- Date: 10 May 2014 – 10 May 2014
- Location: Meerut, Uttar Pradesh, India 28°59′N 77°42′E﻿ / ﻿28.98°N 77.70°E
- Caused by: Scuffle between two communities over fence construction around a well escalated into riot

Violence and action
- Deaths: 3
- Injuries: 50
- Meerut Location of riots in Uttar Pradesh, India

= 2014 Meerut riots =

On 10 May 2014, a scuffle between two communities over construction of fence around well escalated into riots in Meerut, Uttar Pradesh, a northern state of India As of 11 May, 3 people were killed and 50 injured, including a top police officer and two media persons.

==Background==
Two local groups in Meerut were staking claims in a well which has been directed by court to be maintained at status quo. But, in-charge of nearby mosque had started to construct concrete fence around the well. The incident started at around 2 pm on 10 May in the Teer Gehran area of Meerut. There have been various theories regarding the cause of violence. While Times of India reported that this construction of fence paved way for riots, the New Indian Express reported that installation of water facilitation centre was objected by members from Jain community arguing that it would affect their temple, which started the riots.

==Clashes==
While the cause of riot was uncertain, the argument between the two communities escalated into shouting of slogans against each other. Soon violence erupted and vehicles were set fire. Stone pelting and firing of arms were done by members of both communities. Few police personnel who tried to control the mob faced injuries.

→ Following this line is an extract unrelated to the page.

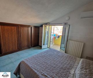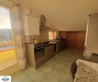 La casa è composta da un ampio e luminoso soggiorno con cucina, due balconi spaziosi e panoramici, due camere da letto e doppi servizi.

One person succumbed to bullet wound, while other injured were being taken to local hospitals.

==Security==
Police sources stated that patrolling has been intensified. Six companies of Provincial Armed Constabulary and Eight companies of Rapid Action Force has been deployed to restore peace Shops were closed in the area due to rioting.

Criminal Cases were registered against 200 people in connection with the riots and Nauchandi Mela has been wound up before its scheduled end. According to Meerut SP Om Prakash Singh, the police have identified some criminals from a video footage.

== Arrest ==
Two persons were held after the victim succumbed to injuries.